John Murray: Clifford theory of $2$-Brauer characters
Clifford's theorem explores the relationship between the representations of a group $G$ and those of a normal subgroup $N$, over an arbitrary field $F$. In particular it applies in the modular case, when the characteristic of $F$ is not $0$. Then the irreducible representations of $G$ are classified by its irreducible $p$-Brauer characters.
In this talk we discuss three new Clifford theoretic results which are peculiar to characteristic 2. We begin by showing that if $\theta$ is an irreducible $2$-Brauer character of $N$, then $G$ has a self-dual irreducible $2$-Brauer character over $\theta$ if and only if $\theta$ is $G$-conjugate to its dual $\overline\theta$.
Now suppose that $\theta$ is self-dual. Then it is a remarkable fact that $\theta$ has a unique self-dual extension to its stabilizer in $G$. So $G$ has a unique self-dual irreducible $2$-Brauer character $\mu$ such that $\theta$ occurs with odd multiplicity in $\mu{\downarrow_N}$, and this multiplicity is 1.
The uniqueness of $\mu$ still holds if $N$ is merely subnormal in $G$. We give an example of $N,\theta,\mu$, with $N$ subnormal in $G$ such that $\theta$ occurs with arbitrarily large odd multiplicity in $\mu{\downarrow_N}$.
Our final result relates to the geometric type of a self-dual irreducible $2$-Brauer character $\mu$ of $G$. Fong's Lemma asserts that $\mu$ is of symplectic type. However it is a delicate question to determine whether $\mu$ is of orthogonal type. Suppose that $\mu$ is not of orthogonal type. Then we show that $\mu{\downarrow_N}$ is a sum of distinct real-valued non-orthogonal irreducible $2$-Brauer character of $N$.
Emily Norton: Some decomposition matrices of finite classical groups
One problem in modular representation theory is to compute the decomposition matrices of finite groups of Lie type. In this talk, we explain a solution to this problem for the $\Phi_{2n}$ block of $B_{2n}(\mathbb{F}_q)$. The computation provides the first known infinite family of decomposition matrices in type $B$ for blocks with non-cyclic defect group.
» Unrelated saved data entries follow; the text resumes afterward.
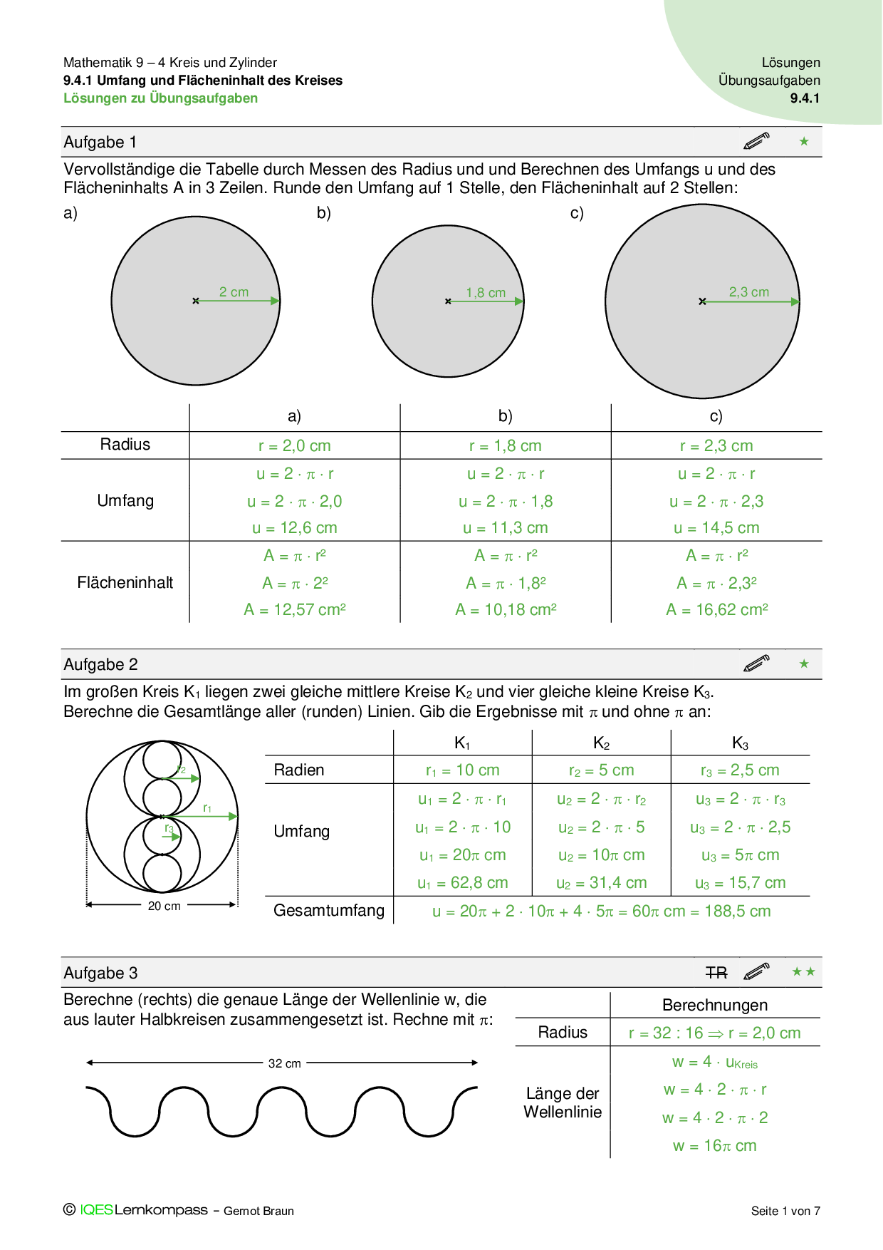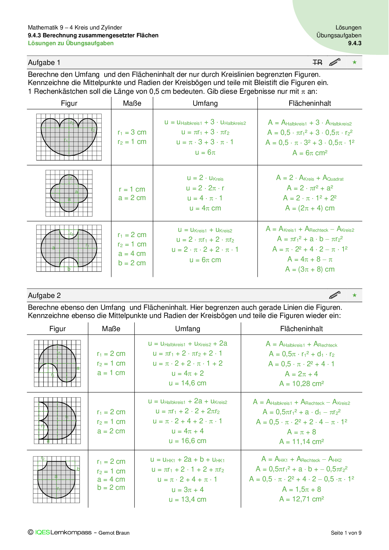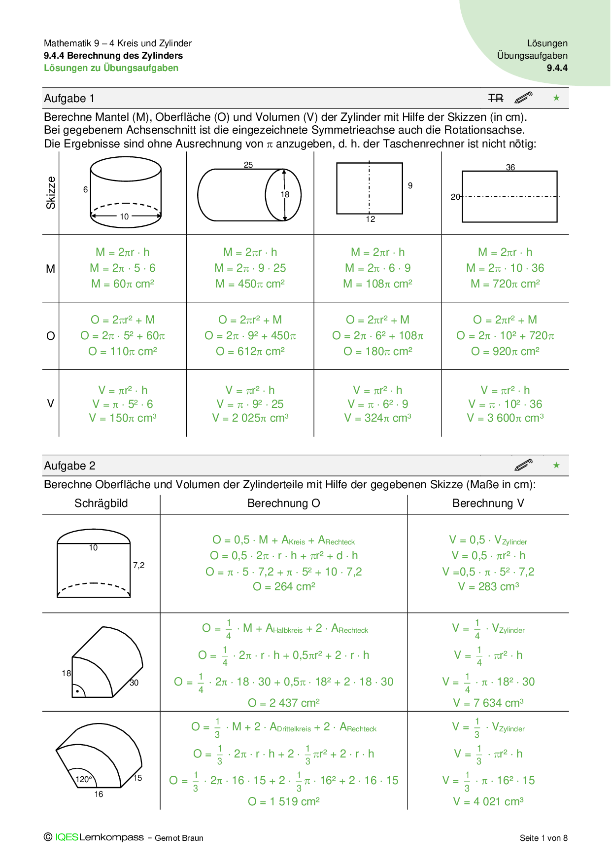 9.4 Kreis und Zylinder - Lösungen zum Aufgabenpool für Abschlusstests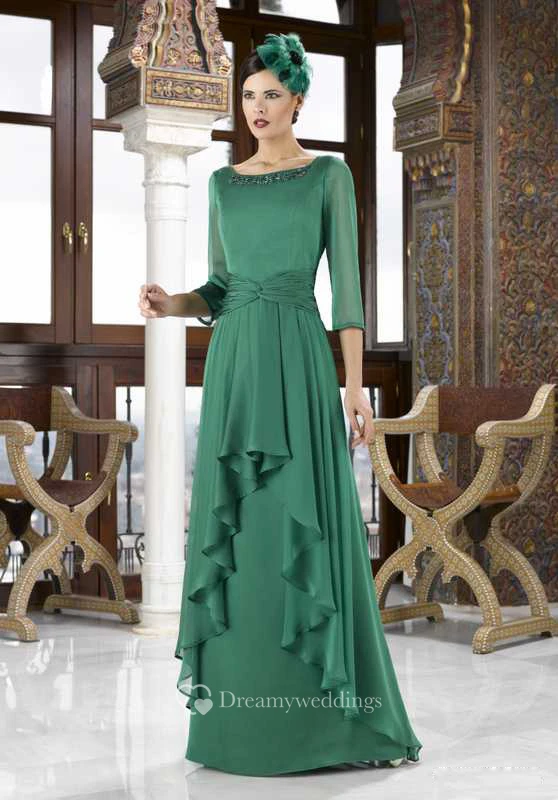 3-4 Sleeve Beaded Square Neck Chiffon Mother Of The Bride Dress With Draping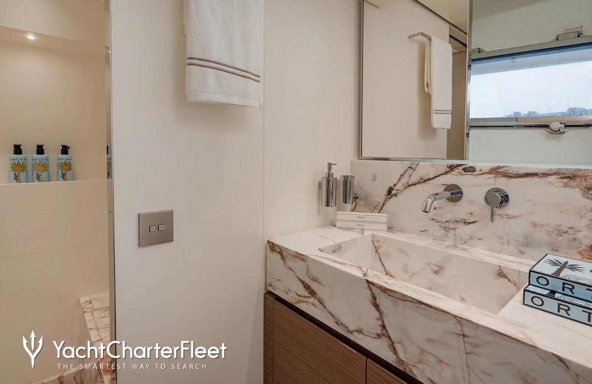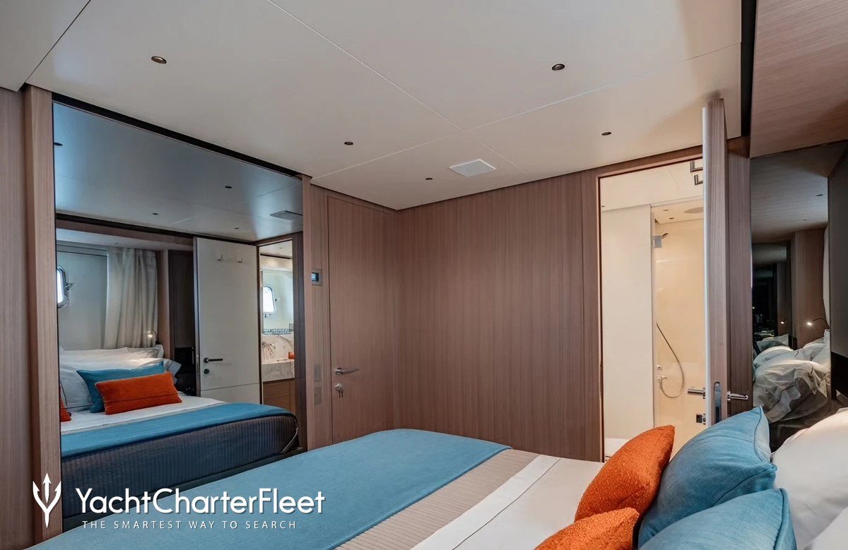 Built in 2025, Catch Me offers guest accommodation for up to 8 guests in 4 suites comprising a master suite, one VIP cabin and two twin cabins. She is also capable of carrying up to 4 crew onboard to ensure a relaxed luxury yacht charter experience.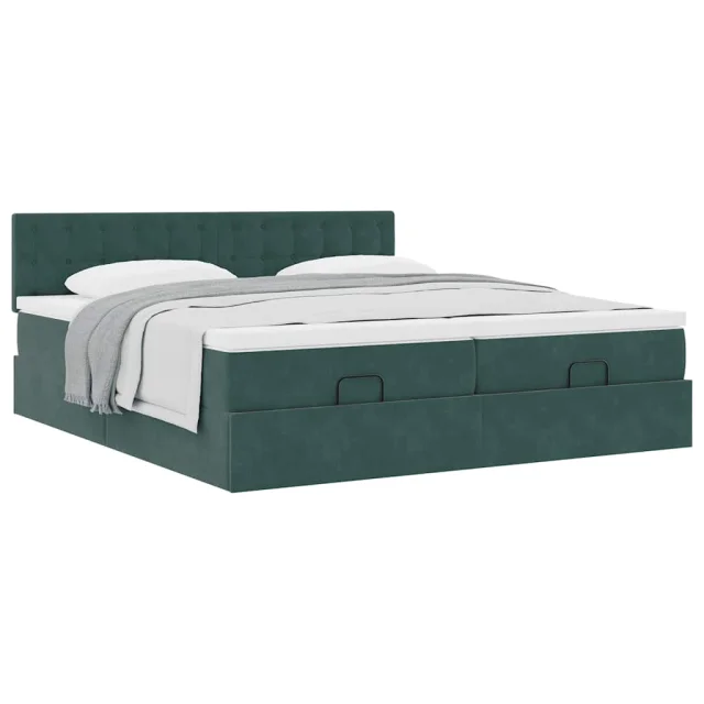 vidaXL Otomanski posteljni okvir z vzmetnicami zelen 200x200cm žamet

A similar result should also hold in type $D$. This is work in progress with Olivier Dudas.
Anitha Thillaisundaram: Groups acting on rooted trees of growing degrees
Over the past few decades, groups acting on rooted trees have attracted much attention, starting with the easily describable constructions, such as the Grigorchuk group and the Gupta-Sidki groups, in response to the Burnside problem. The most well-studied examples involve groups acting on regular rooted trees, such as the p-adic tree, for p a prime. In this talk, we consider groups acting on irregular trees, namely trees of growing degree, and we show how properties of such groups differ from those of groups acting on p-adic trees. This is joint work with Khalid Bou-Rabee and Rachel Skipper.